All that said, I don’t think Lorenzen is a bad target, but we should be clear eyed about the limits of that acquisition. He’s a perfectly cromulent option for a veteran bullpen role and even as a multi-inning reliever, and there’s likely some mutually agreeable outcome where you give him 2 years or an option year where his salary escalates based on IP to incentivize stretching him out. But in an offseason where Jed keeps saying they need to add starting pitching and most of us seem to think 2 more SP are needed, I don’t think adding Lorenzen changes that, so you have to be careful about the terms.

Posted

I actually think Lorenzen is a pretty savvy option, but probably for another team. We already have enough "is he actually a starter?" SP candidates. Unless we're planning to do something fairly radical with the back end of the rotation (which I don't necessarily mind) I don't think we should be adding anymore unless it's a pre-FA guy with some minor league options remaining.

 

On a completely different track, I've been thinking about this from Brett yesterday:

 

 

I've generally been ignoring this, wanting to add a Brad Miller or Kyle Seager for 1B/3B and call it a day. But like Brett says, Ian Happ is pretty much the only LH batter of consequence in the org above A Ball.
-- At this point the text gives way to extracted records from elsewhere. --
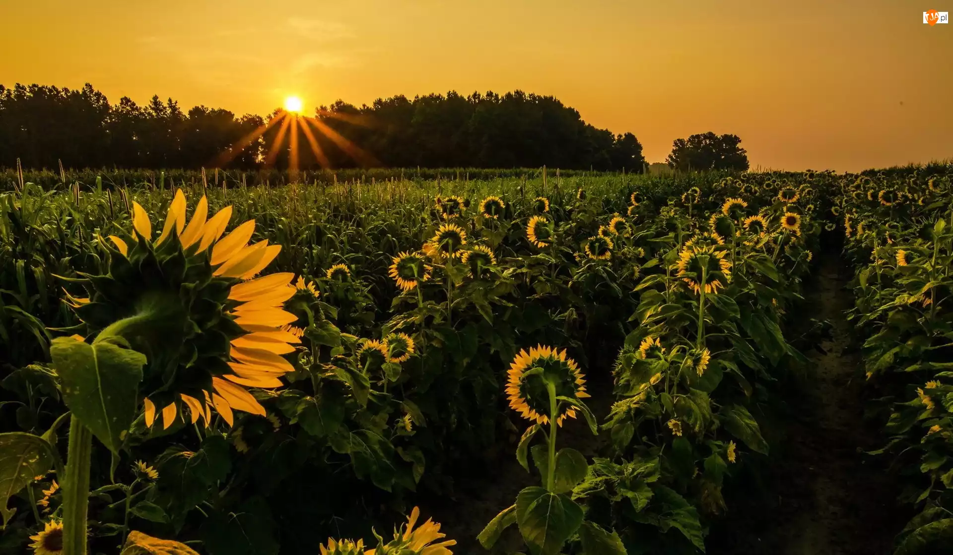 Promienie, Słoneczniki, Zachód, Uprawa, Słońca, Las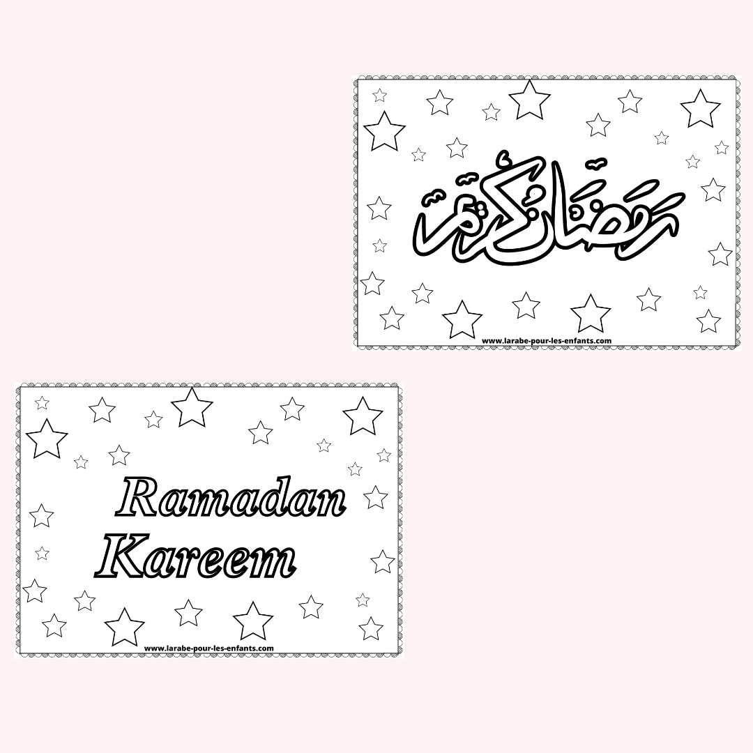 Ce support PDF contient 2 pages pour le collage de motifs étoile et coloriage ramadan kareem en arabe et en français.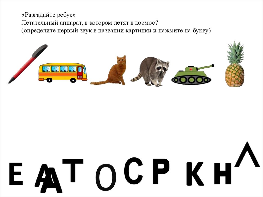 «Разгадайте ребус»Летательный аппарат, в котором летят в космос?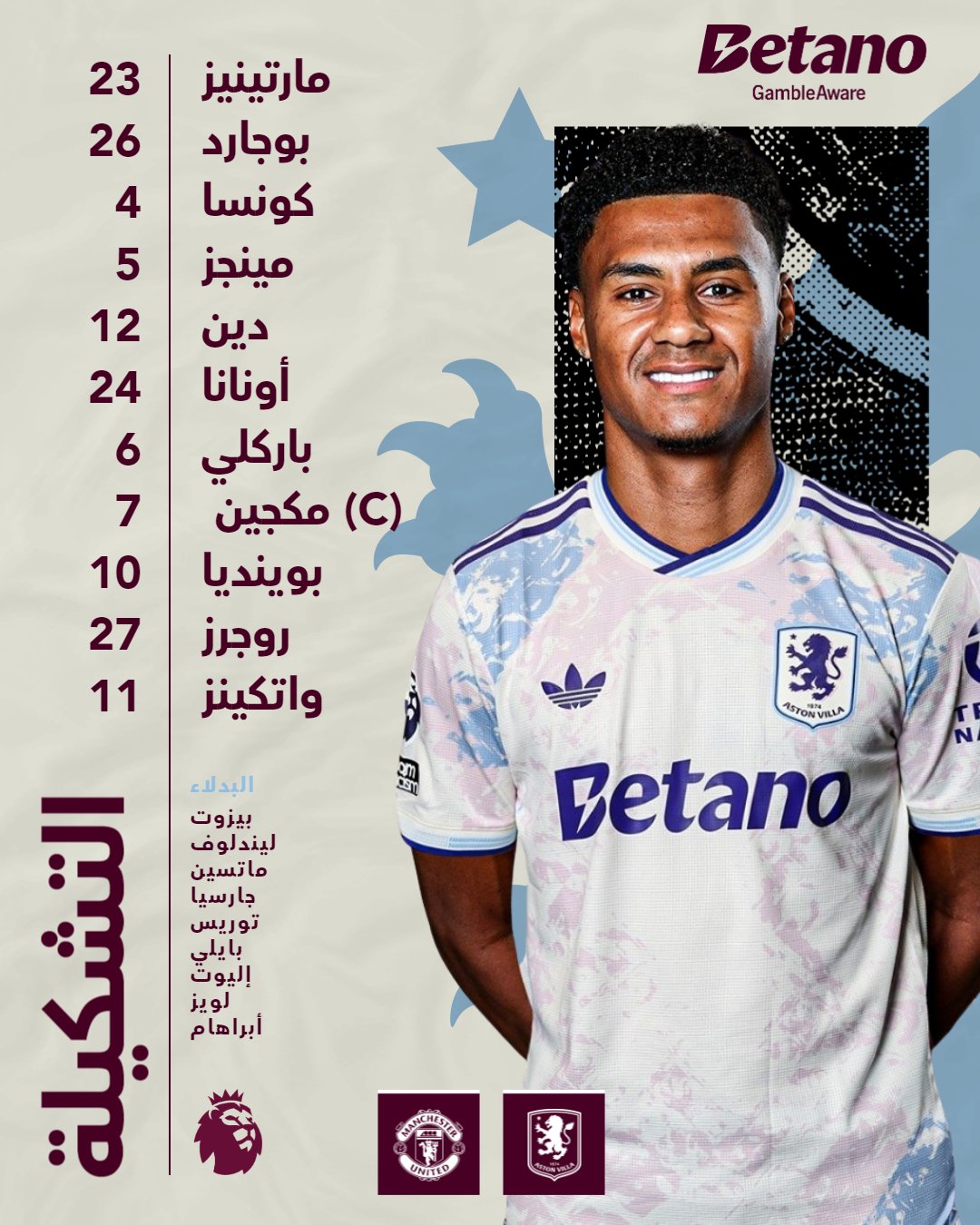 تشكيل أستون فيلا أمام مانشستر يونايتد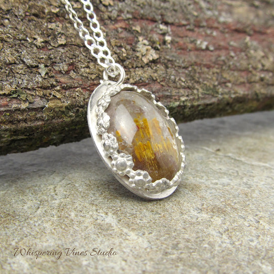 Handcrafted Cacoxenite Gemstone OOAK Pendant with Floral Sterling Bezel Setting and Sterling Silver 18'' Chain

And when you start trying to assemble prospective lineups, you can really feel the lack of a LH thumper. So a LH power hitter probably ought to be moved up quite a bit on the offseason priorities list. Corey Seager at SS would be the obvious ideal, but even Matt Olson or Michael Conforto would really scratch the itch. I also wonder about Joey Gallo. There's been a lot of smoke around him, though I don't know if it's real or if the fan base just hates him and is trying to speak a trade into existence.